In the data below, find the line containing "Build a professional" and the line containing "- 165Претензия покупателя", then reproduce them and every line between, exactly. Omit pictures.

=== Begin Enclosure ===

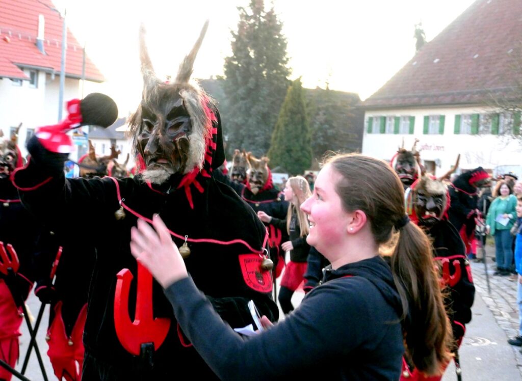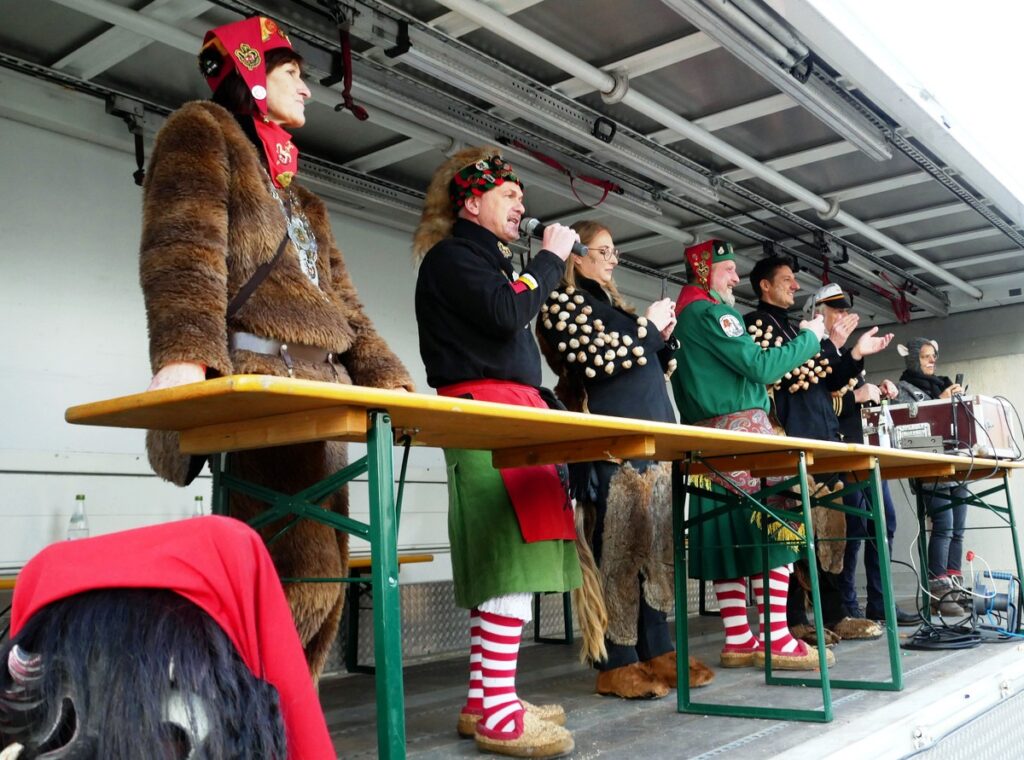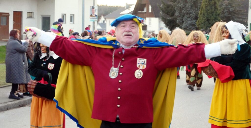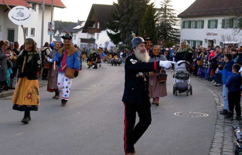 Zunftmeisterin Anika Schmid der NZ „Bulla-Rätze“, die zusammen mit VAN-Oberen, Ortsvorsteher Frieder Skowronski mit Gattin und etlichen Funktionären befreundeter Zünfte den Narrensprung von der Ehrentribüne aus verfolgte, durfte viele Komplimente entgegennehmen. „ Das ist schon bewundernswert, was Ihr in dem kleinen Dorf mit so vielen Helferinnen und Helfern und mit der Hilfe befreundeter Zünfte geschaffen habt“, so die Kernaussage. Auch Oberbürgermeister Matthias Henne verfolgte das närrische Großereignis vor Ort.
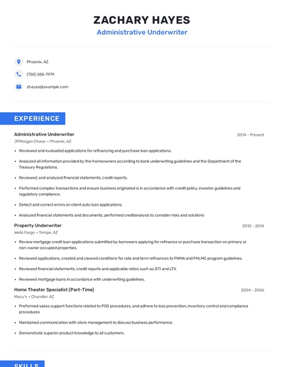 Build a professional administrative underwriter resume in minutes. Our AI resume writing assistant will guide you through every step of the process, and you can choose from 10+ resume templates to create your administrative underwriter resume.What skills help Administrative Underwriters find jobs?
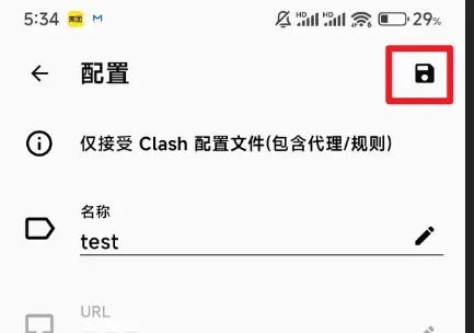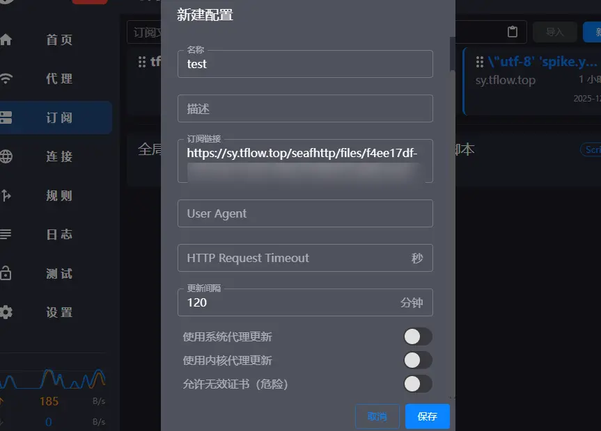 第二步,名称可自定义,URL填刚刚复制的魔法配置链接,自动更新填120分钟,然后点击右上角的保存,如图所示
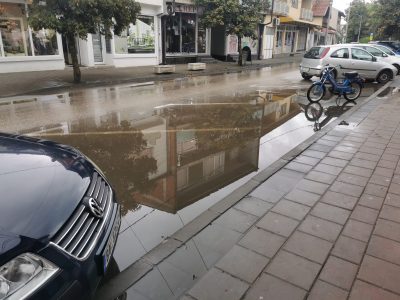 Bujanovac, 11. septembar 2024. Voda koja se, zbog obilne kiše koja pada od utorka, nakupila kod Muzičke škole u centru Bujanovca, počela je da se povlači i ostala je samo uz desni trotoar u pravcu ka parku. Poplave koje je juče bilo na ovom potezu više nema, o čemu svedoči i fotografija koju je našem portalu poslao direktor JP Komunalac Amir Džaferi.
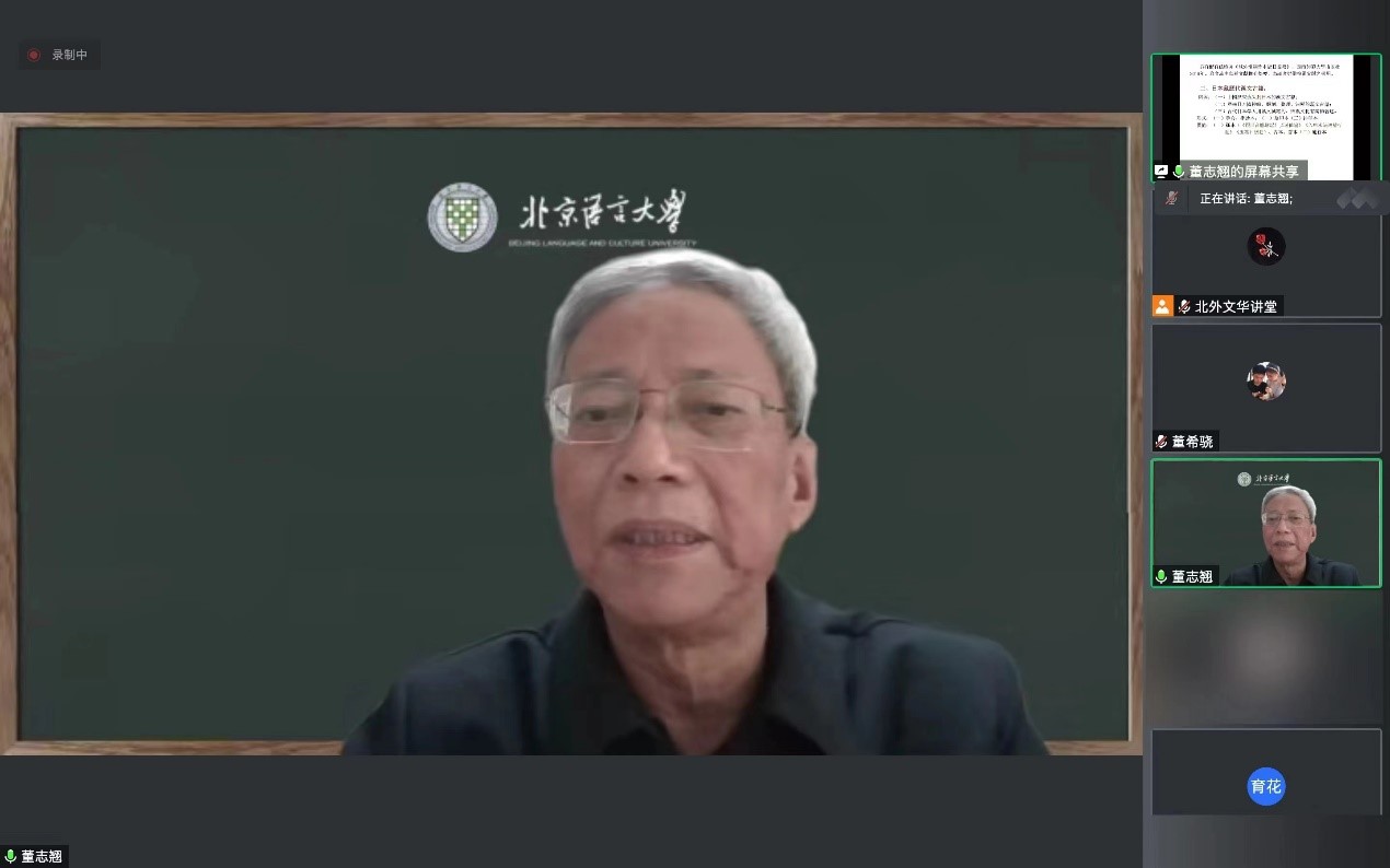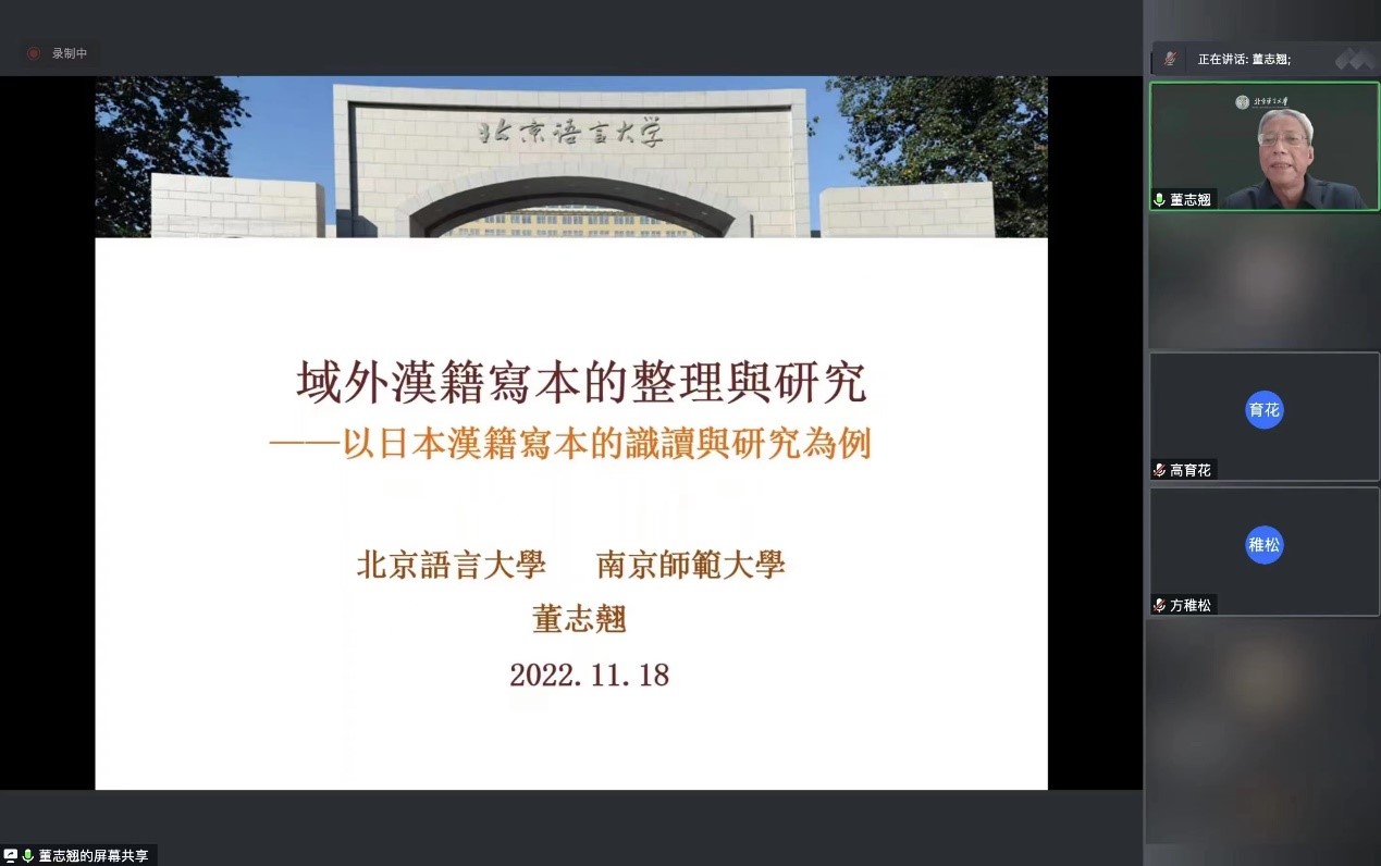 2022年11月30日,北京外国语大学太阳成集团tyc7111cc举办“北外文华讲堂”系列讲座,邀请国家级高等院校教学名师、北京语言大学特聘教授董志翘先生作题为《域外汉籍写本的整理与研究——以日本汉籍写本的识读与研究为例》的线上学术讲座。讲座由太阳成集团tyc7111cc高育花教授主持,副院长方稚松及校内外师生一百三十余人参与此次讲座。
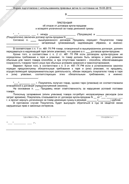 - 165Претензия покупателя в связи с передачей продавцом товара в ненадлежащей таре и (или) упаковке (требование — отказ от договора и возврат уплаченной за товар денежной суммы)
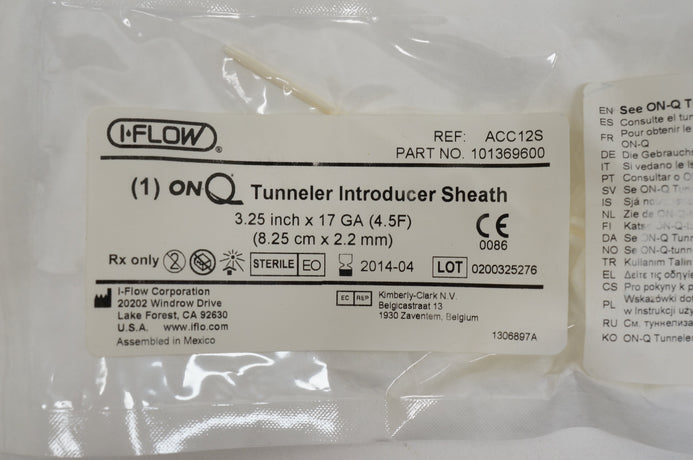 - I-Flow ACC12S On-Q Tunneler Introducer Sheath 3.25inch x 17Ga (x)
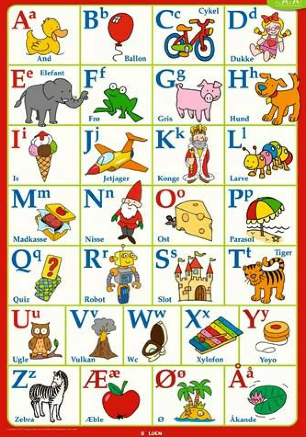 Den er flot, lamineret, stor og har både tegninger, store og små bogstaver og ord, der relaterer sig til den enkelte tegning og bogstavet, som tegningen starter med.
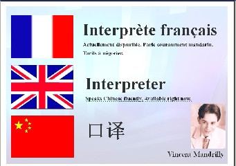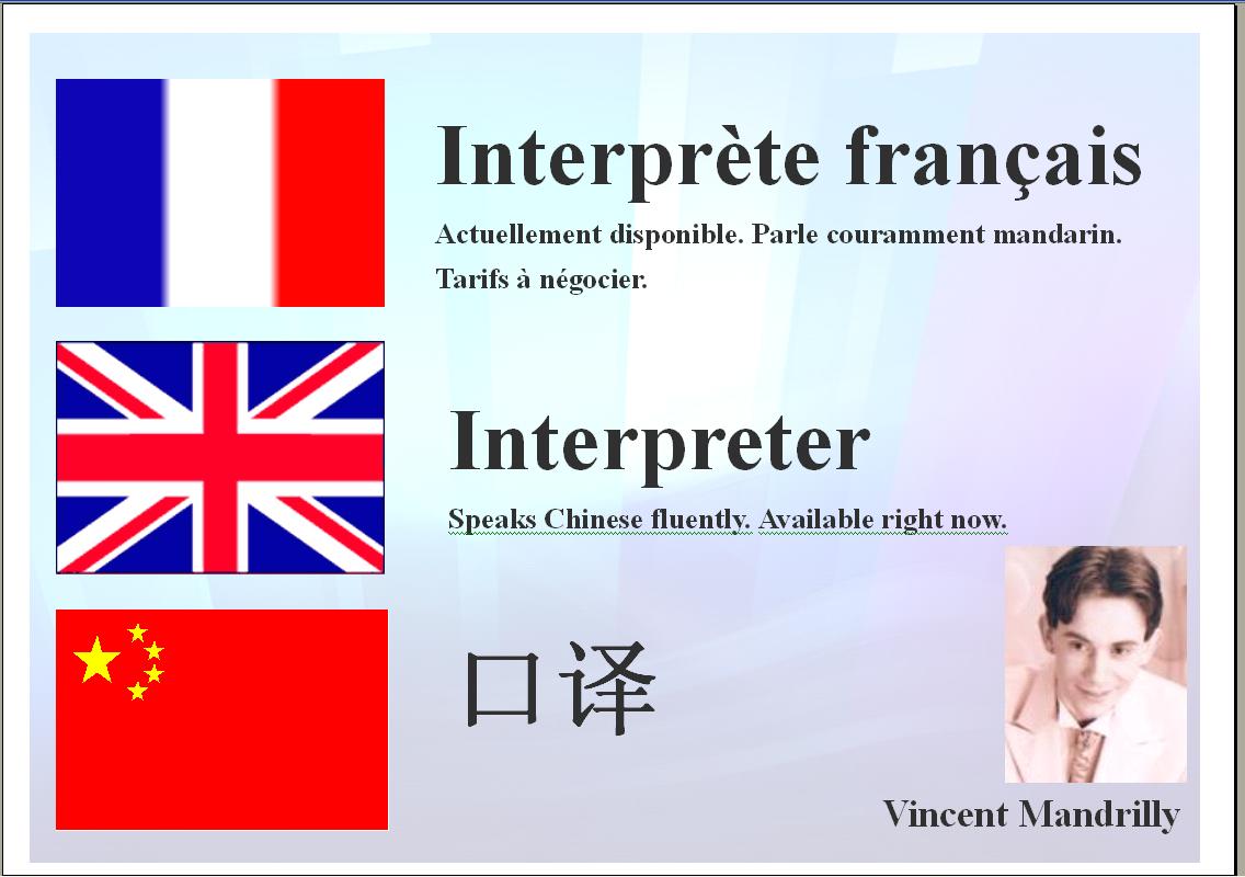 Tandis que Bin part à son boulot, je bricole rapidement un carton en vue de me faire de la pub pour trouver des clients qui auraient à tout hasard besoin d'un interprète.
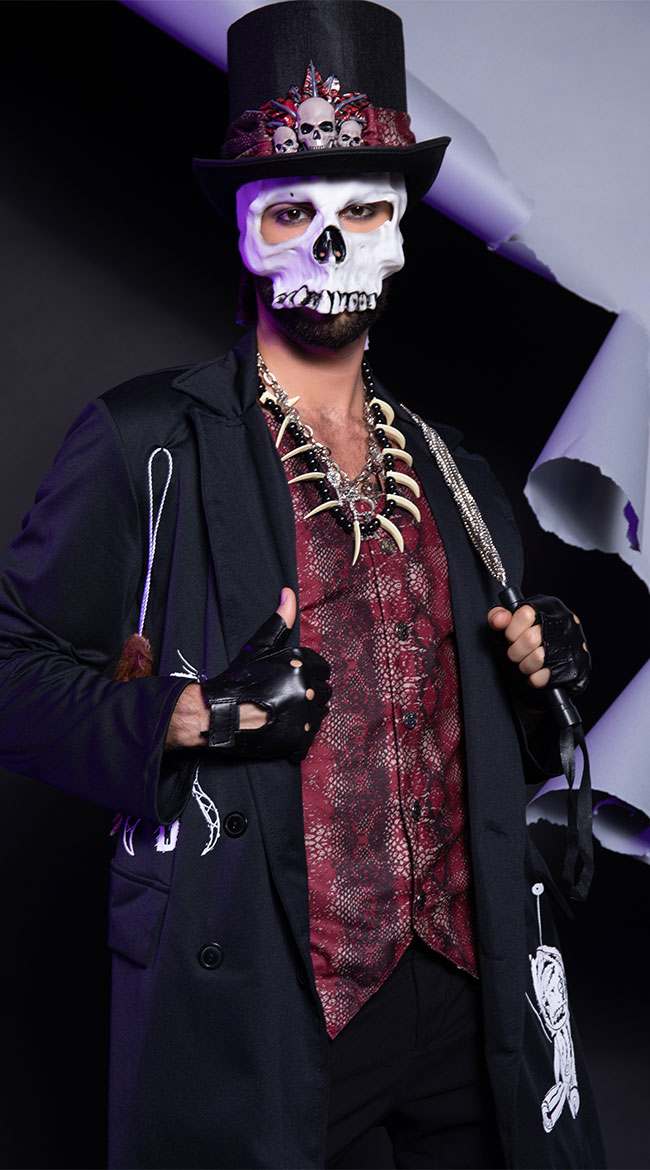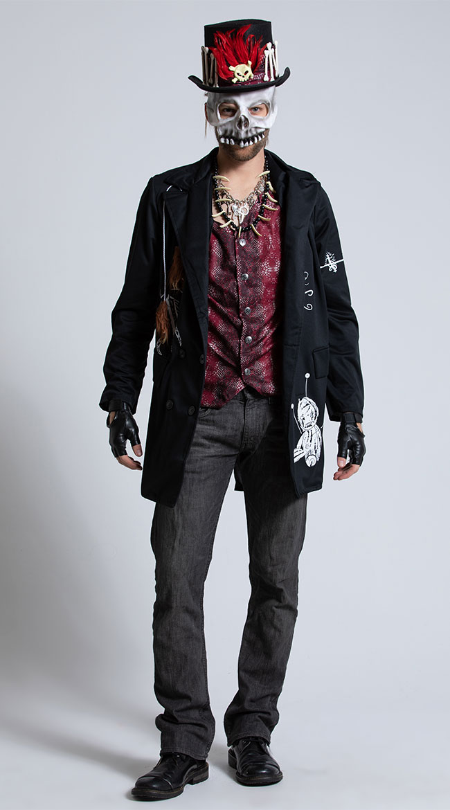 Cast some dark magic in this men's Voodoo Dude costume featuring a black jacket with long sleeves, button accents, allover white sketched decals, monkey hands attachment, an attached red vest, a black top hat with a dark red ribbon, and a white skeleton mask. (Necklace, snake, and pants not included.)
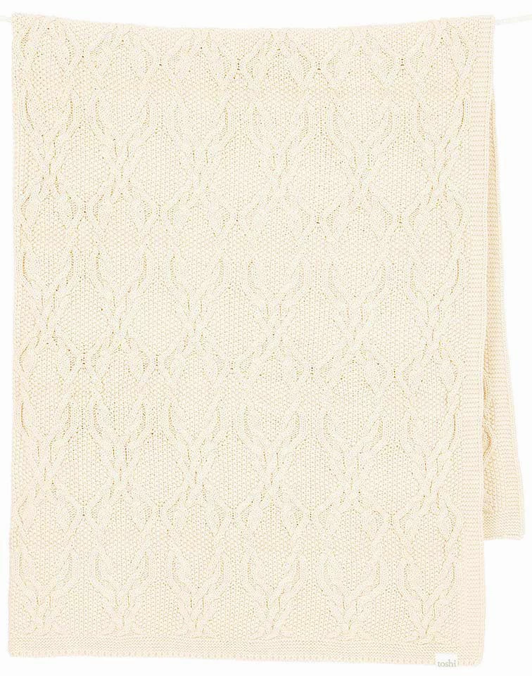 The sumptuously soft Toshi Organic Baby Blanket Bowie has a hand crafted feel and features a beautifully textured cable knit design. The finest quality certified 100% organic cotton yarn is as gentle on your baby’s delicate skin as it is on our precious environment. Melange yarn offers a level of refinement to this sophisticated Toshi baby accessory. The colour of this blanket is Feather, a natural and earthy gender-neutral hue. The Toshi baby blanket measures 90 x 110cm.

=== End Enclosure ===

TASK RESPONSE:
 Build a professional administrative underwriter resume in minutes. Our AI resume writing assistant will guide you through every step of the process, and you can choose from 10+ resume templates to create your administrative underwriter resume.What skills help Administrative Underwriters find jobs?
 第二步,名称可自定义,URL填刚刚复制的魔法配置链接,自动更新填120分钟,然后点击右上角的保存,如图所示
 Bujanovac, 11. septembar 2024. Voda koja se, zbog obilne kiše koja pada od utorka, nakupila kod Muzičke škole u centru Bujanovca, počela je da se povlači i ostala je samo uz desni trotoar u pravcu ka parku. Poplave koje je juče bilo na ovom potezu više nema, o čemu svedoči i fotografija koju je našem portalu poslao direktor JP Komunalac Amir Džaferi.
 2022年11月30日,北京外国语大学太阳成集团tyc7111cc举办“北外文华讲堂”系列讲座,邀请国家级高等院校教学名师、北京语言大学特聘教授董志翘先生作题为《域外汉籍写本的整理与研究——以日本汉籍写本的识读与研究为例》的线上学术讲座。讲座由太阳成集团tyc7111cc高育花教授主持,副院长方稚松及校内外师生一百三十余人参与此次讲座。
 - 165Претензия покупателя в связи с передачей продавцом товара в ненадлежащей таре и (или) упаковке (требование — отказ от договора и возврат уплаченной за товар денежной суммы)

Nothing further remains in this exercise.